### Recorded information
**********
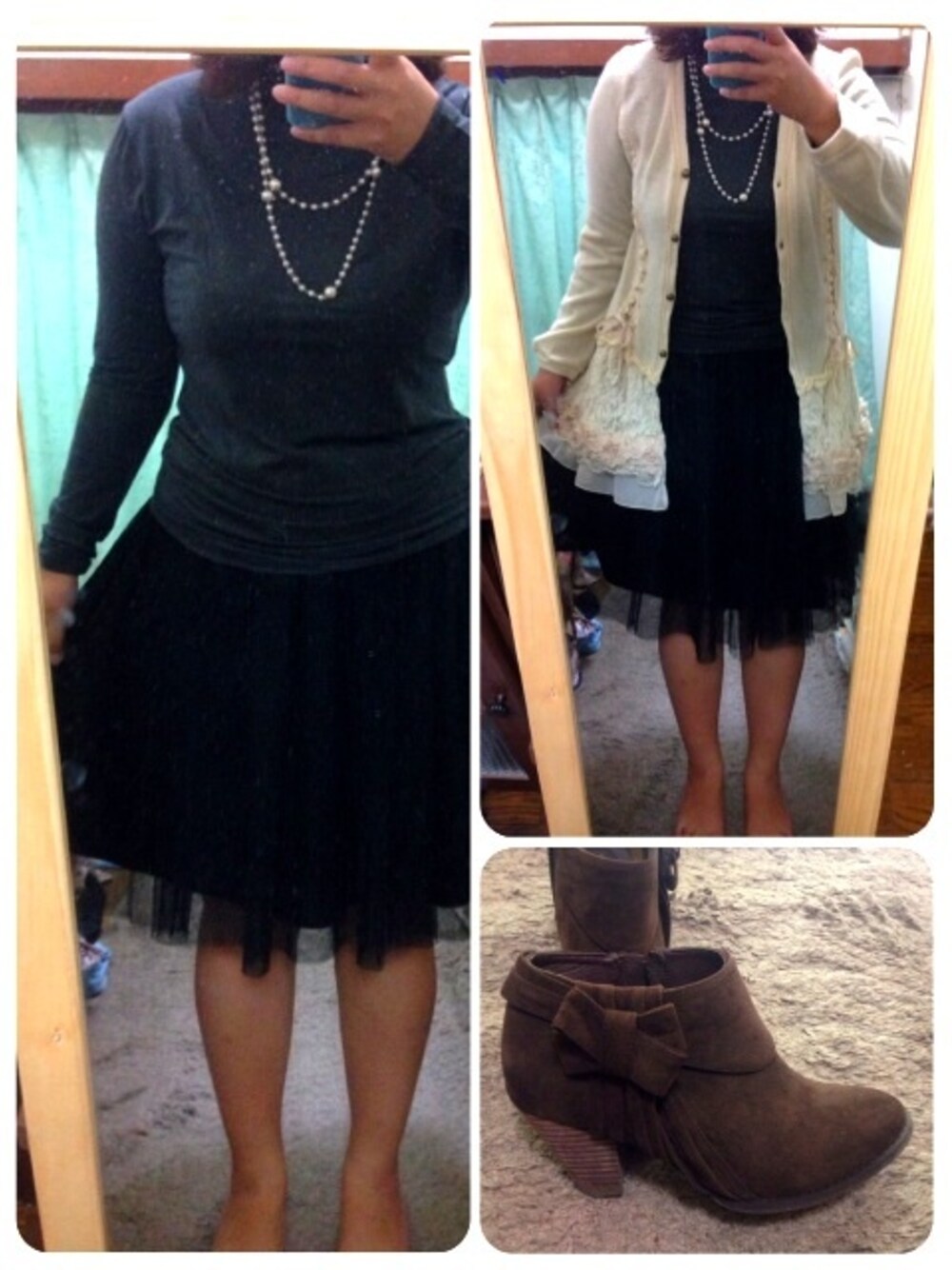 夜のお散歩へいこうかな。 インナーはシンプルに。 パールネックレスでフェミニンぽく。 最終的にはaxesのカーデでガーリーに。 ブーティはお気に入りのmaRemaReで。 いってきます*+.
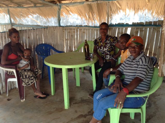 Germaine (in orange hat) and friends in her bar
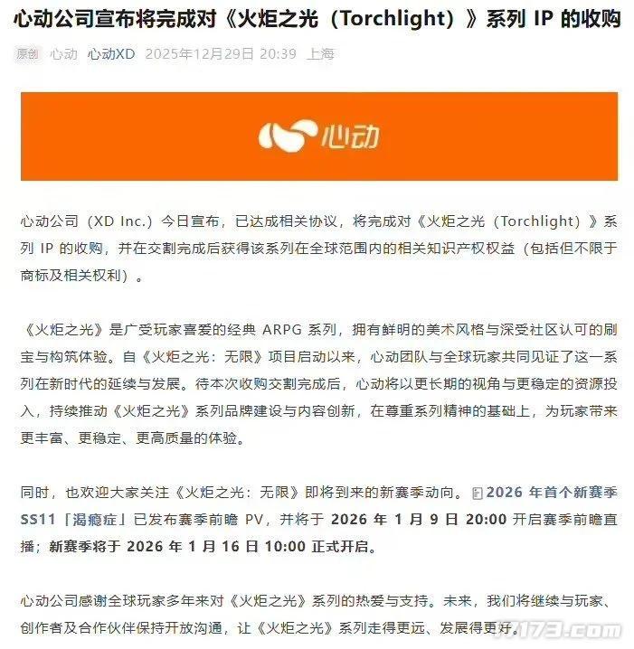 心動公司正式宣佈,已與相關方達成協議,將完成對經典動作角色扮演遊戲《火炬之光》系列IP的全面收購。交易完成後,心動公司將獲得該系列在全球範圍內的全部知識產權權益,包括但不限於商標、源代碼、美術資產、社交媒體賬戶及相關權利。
**********
### Task directions
Make an exact printout of the listing above, omitting the images.

### Answer to this task
 夜のお散歩へいこうかな。 インナーはシンプルに。 パールネックレスでフェミニンぽく。 最終的にはaxesのカーデでガーリーに。 ブーティはお気に入りのmaRemaReで。 いってきます*+.
 Germaine (in orange hat) and friends in her bar
 心動公司正式宣佈,已與相關方達成協議,將完成對經典動作角色扮演遊戲《火炬之光》系列IP的全面收購。交易完成後,心動公司將獲得該系列在全球範圍內的全部知識產權權益,包括但不限於商標、源代碼、美術資產、社交媒體賬戶及相關權利。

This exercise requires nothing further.